++++ The data

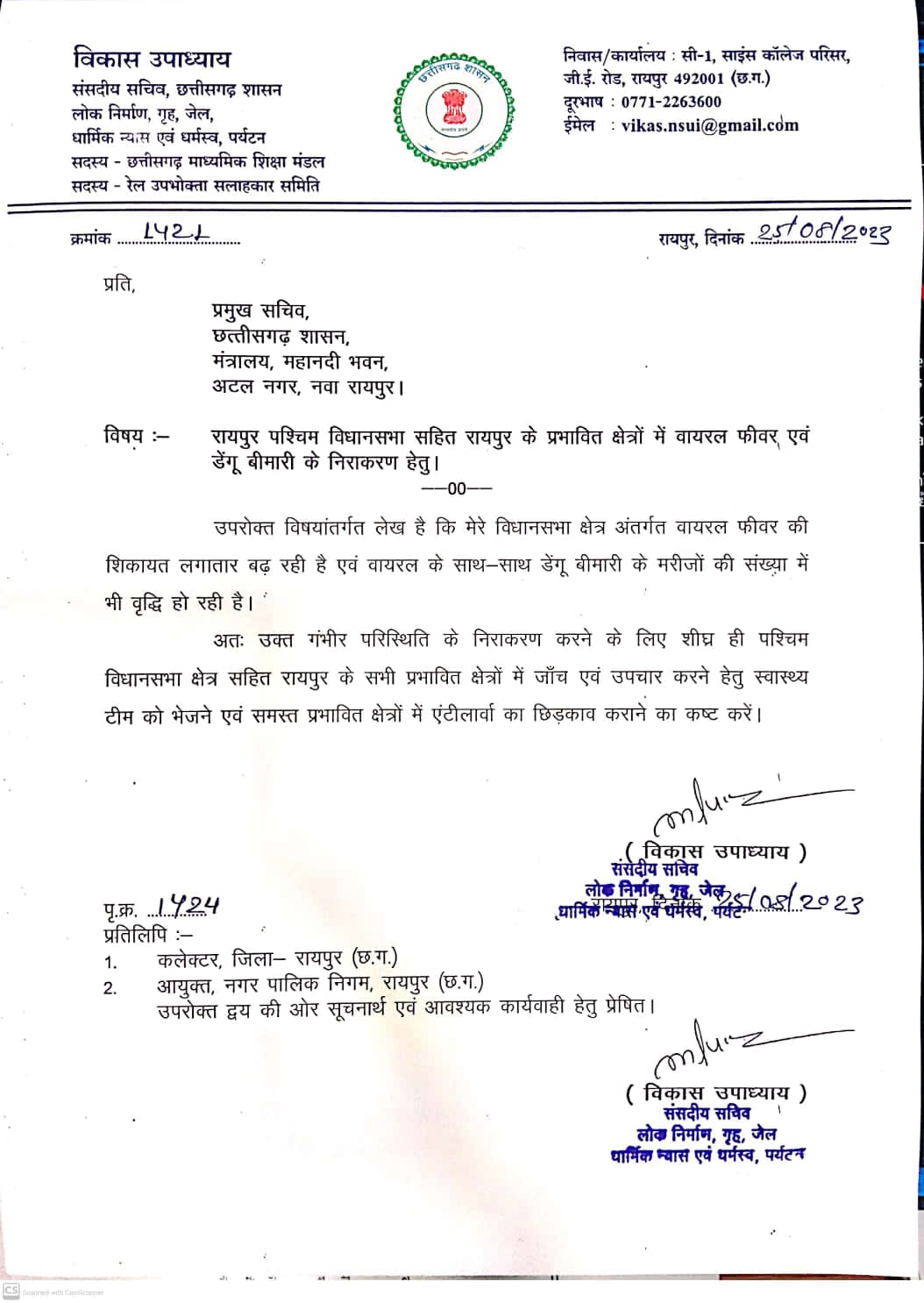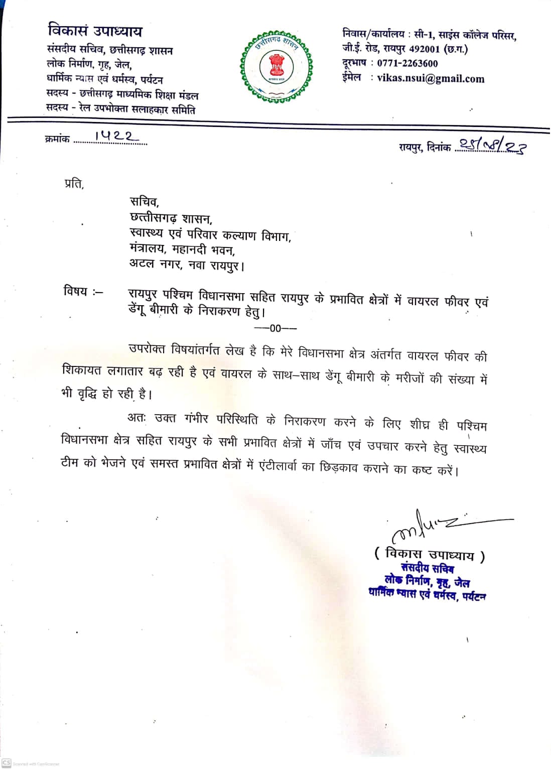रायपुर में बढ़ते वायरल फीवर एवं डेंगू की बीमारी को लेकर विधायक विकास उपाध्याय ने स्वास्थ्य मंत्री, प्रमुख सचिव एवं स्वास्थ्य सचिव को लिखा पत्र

++++++++
++++ The data

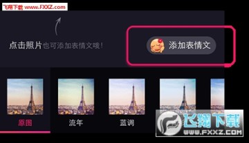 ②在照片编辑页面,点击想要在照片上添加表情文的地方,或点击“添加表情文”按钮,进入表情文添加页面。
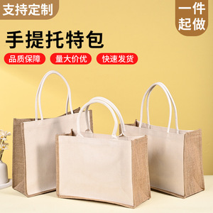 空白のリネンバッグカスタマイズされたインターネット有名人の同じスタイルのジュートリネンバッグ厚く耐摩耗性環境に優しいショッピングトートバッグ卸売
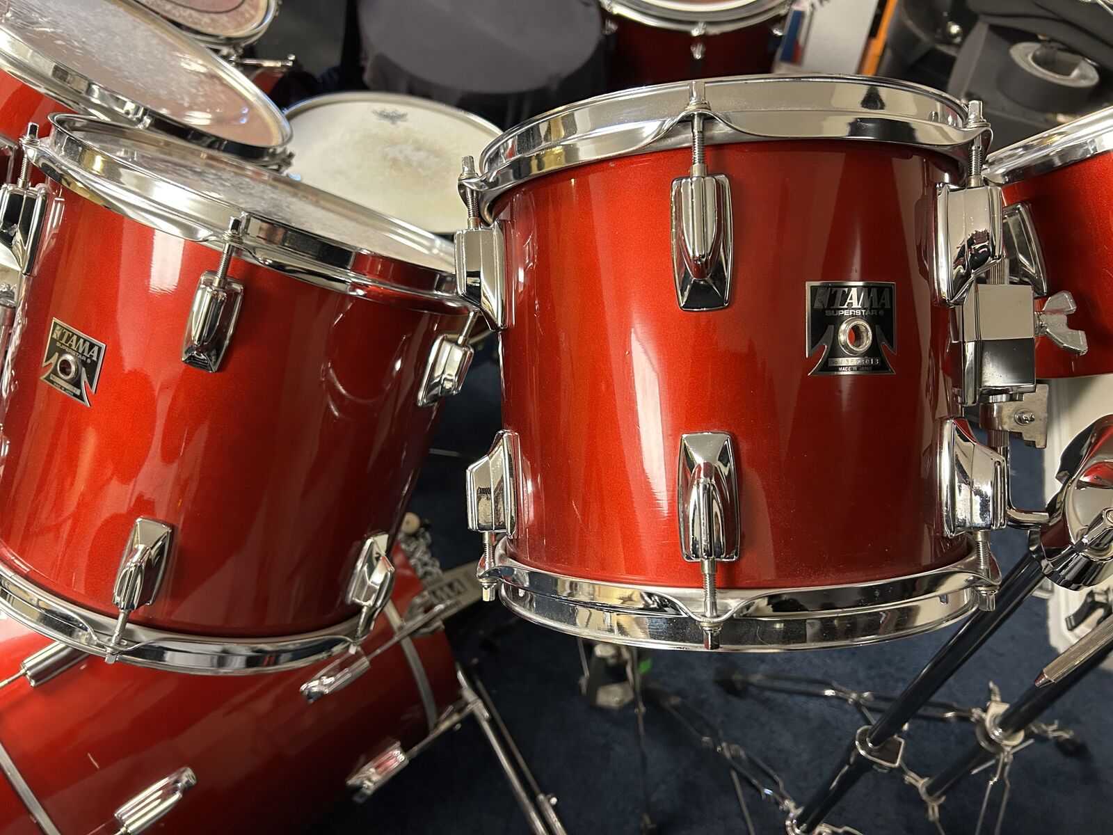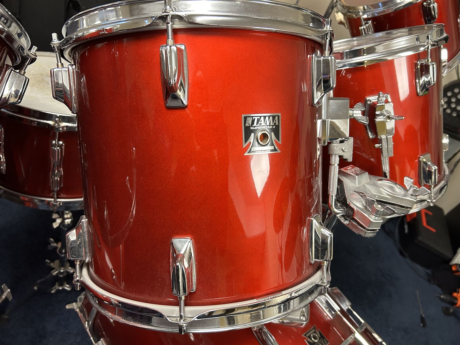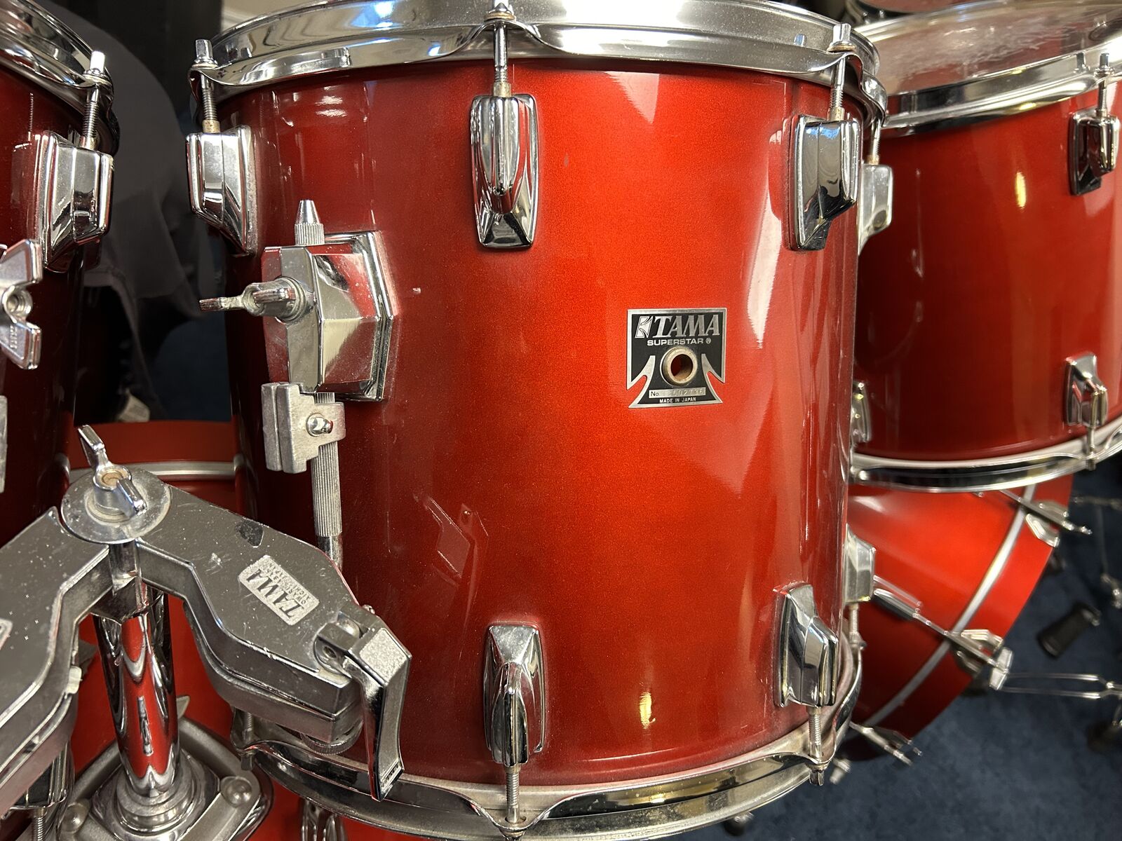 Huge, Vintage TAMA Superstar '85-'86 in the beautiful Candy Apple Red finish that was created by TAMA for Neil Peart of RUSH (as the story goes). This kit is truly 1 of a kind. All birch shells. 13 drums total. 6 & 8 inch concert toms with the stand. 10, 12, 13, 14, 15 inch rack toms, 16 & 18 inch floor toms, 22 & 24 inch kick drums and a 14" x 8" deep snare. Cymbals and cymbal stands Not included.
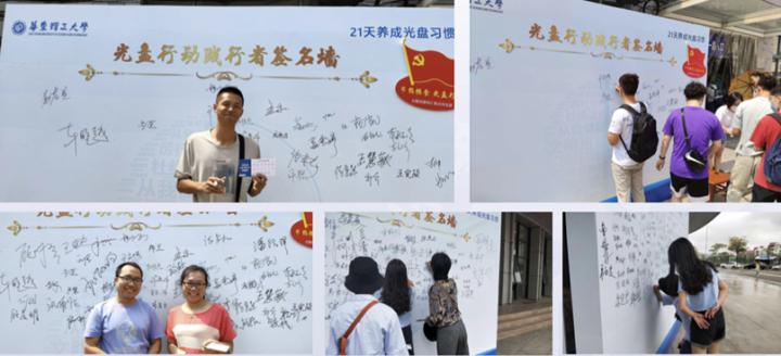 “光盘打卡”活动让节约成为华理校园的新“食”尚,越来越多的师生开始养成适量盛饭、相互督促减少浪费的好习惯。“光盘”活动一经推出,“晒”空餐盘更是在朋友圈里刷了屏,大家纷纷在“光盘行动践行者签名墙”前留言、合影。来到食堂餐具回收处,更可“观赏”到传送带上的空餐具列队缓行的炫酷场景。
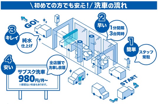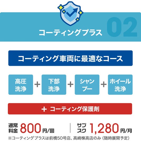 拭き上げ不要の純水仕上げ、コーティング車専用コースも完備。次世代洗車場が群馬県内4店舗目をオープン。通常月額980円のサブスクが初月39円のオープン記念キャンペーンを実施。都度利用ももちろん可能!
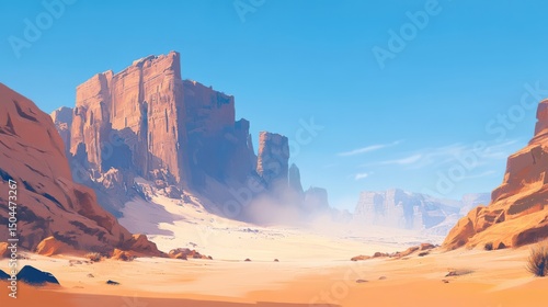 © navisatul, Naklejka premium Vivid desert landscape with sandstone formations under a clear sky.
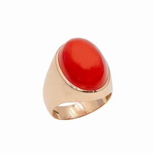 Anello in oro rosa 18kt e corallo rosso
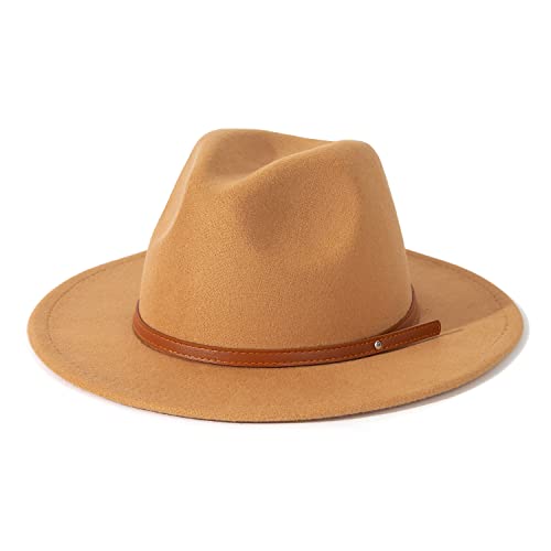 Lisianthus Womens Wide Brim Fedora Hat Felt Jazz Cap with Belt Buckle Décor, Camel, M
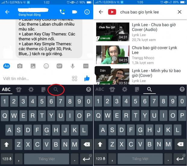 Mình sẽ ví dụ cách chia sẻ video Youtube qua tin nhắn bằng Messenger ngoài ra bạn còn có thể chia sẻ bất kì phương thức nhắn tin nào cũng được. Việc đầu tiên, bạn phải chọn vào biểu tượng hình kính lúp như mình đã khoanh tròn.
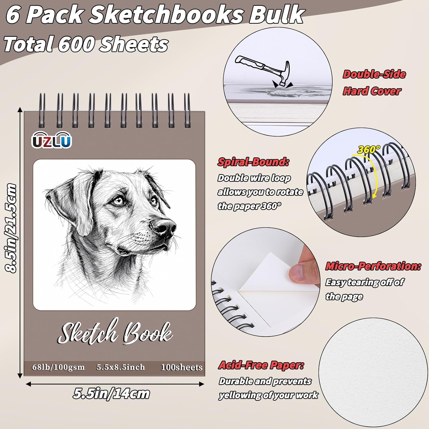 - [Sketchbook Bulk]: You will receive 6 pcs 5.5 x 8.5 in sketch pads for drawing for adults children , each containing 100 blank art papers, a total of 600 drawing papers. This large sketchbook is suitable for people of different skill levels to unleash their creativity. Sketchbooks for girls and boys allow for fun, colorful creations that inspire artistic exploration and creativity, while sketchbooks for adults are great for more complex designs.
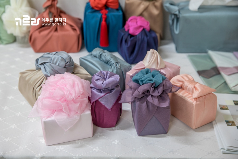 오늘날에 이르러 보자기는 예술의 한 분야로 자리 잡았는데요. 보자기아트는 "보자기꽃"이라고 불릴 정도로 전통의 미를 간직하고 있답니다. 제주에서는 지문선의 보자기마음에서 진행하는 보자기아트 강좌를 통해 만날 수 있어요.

++++++++
++++ The data

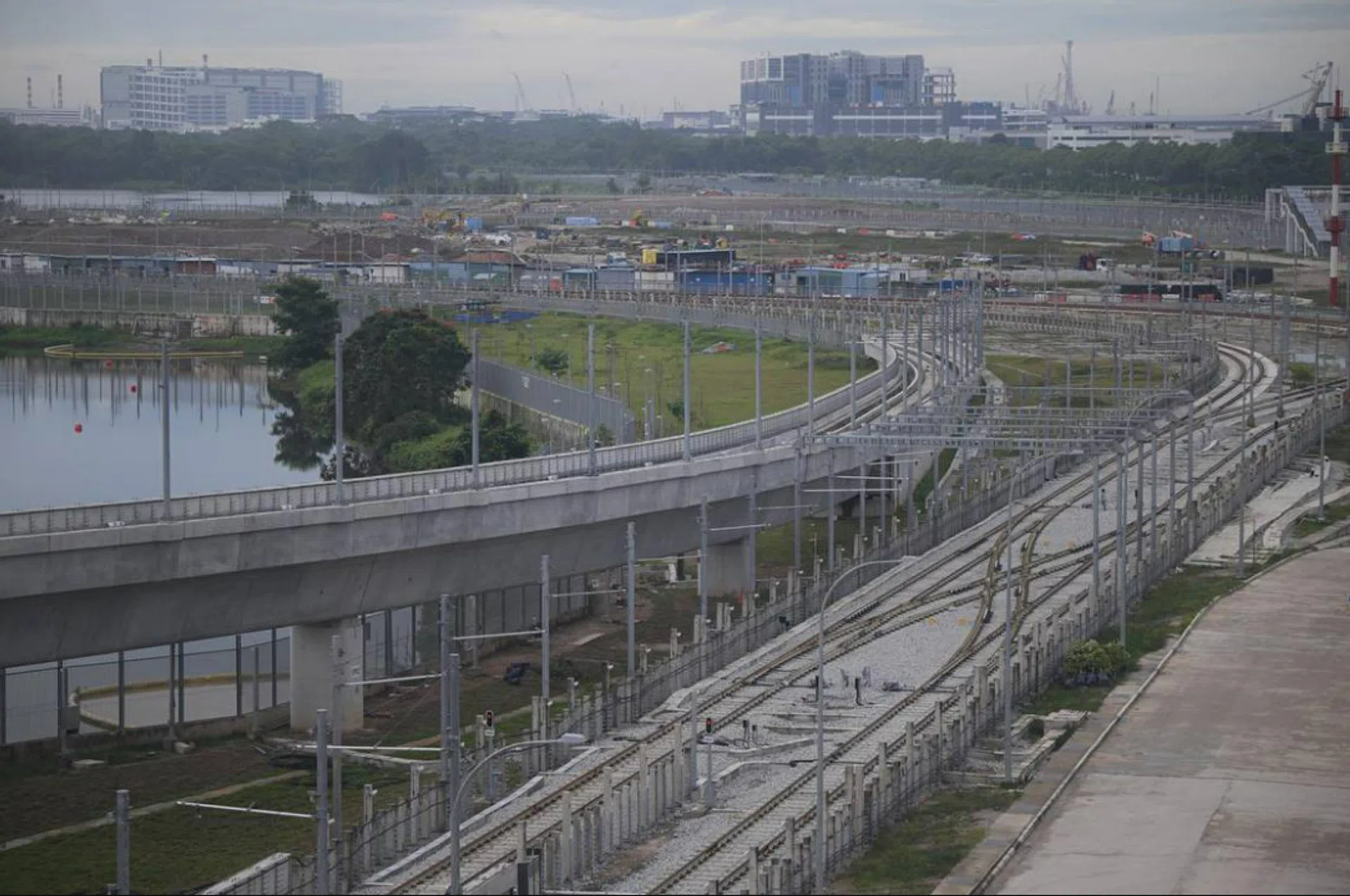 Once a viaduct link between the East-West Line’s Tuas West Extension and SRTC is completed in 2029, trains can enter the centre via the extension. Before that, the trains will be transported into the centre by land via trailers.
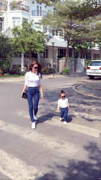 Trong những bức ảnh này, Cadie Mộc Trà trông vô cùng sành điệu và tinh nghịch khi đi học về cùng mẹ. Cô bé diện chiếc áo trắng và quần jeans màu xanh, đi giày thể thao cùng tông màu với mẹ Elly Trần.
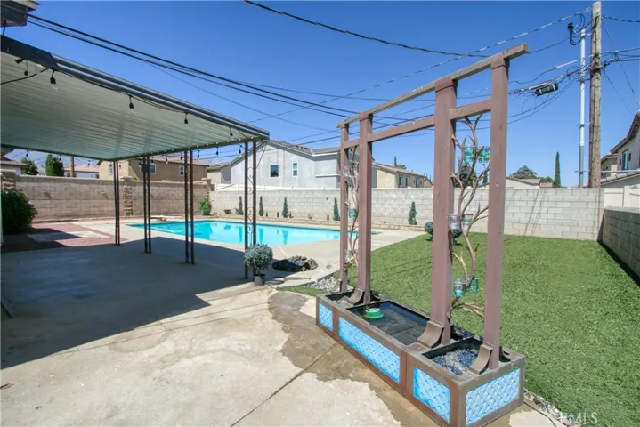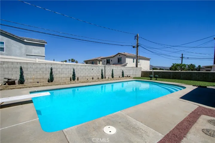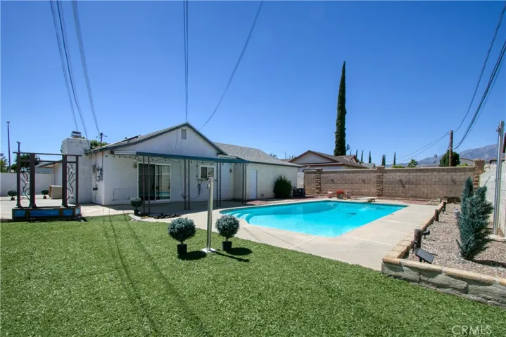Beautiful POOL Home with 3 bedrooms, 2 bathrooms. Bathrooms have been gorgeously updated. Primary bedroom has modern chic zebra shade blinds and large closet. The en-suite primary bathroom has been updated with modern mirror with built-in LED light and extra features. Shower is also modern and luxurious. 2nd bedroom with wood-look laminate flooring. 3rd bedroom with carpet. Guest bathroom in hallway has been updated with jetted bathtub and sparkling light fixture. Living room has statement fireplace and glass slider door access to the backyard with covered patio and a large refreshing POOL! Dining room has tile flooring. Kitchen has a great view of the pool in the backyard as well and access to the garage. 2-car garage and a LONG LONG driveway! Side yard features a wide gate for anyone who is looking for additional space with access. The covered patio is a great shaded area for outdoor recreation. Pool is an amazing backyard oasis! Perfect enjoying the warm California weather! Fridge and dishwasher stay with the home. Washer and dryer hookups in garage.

++++++++

- [Exercise objective]: Return exactly the lines that appear in the data above between the line containing "- [Sketchbook Bulk]: You" and the line containing "오늘날에 이르러 보자기는", both of which are included, and leave the pictures out.

- [Solved problem]:
 - [Sketchbook Bulk]: You will receive 6 pcs 5.5 x 8.5 in sketch pads for drawing for adults children , each containing 100 blank art papers, a total of 600 drawing papers. This large sketchbook is suitable for people of different skill levels to unleash their creativity. Sketchbooks for girls and boys allow for fun, colorful creations that inspire artistic exploration and creativity, while sketchbooks for adults are great for more complex designs.
 오늘날에 이르러 보자기는 예술의 한 분야로 자리 잡았는데요. 보자기아트는 "보자기꽃"이라고 불릴 정도로 전통의 미를 간직하고 있답니다. 제주에서는 지문선의 보자기마음에서 진행하는 보자기아트 강좌를 통해 만날 수 있어요.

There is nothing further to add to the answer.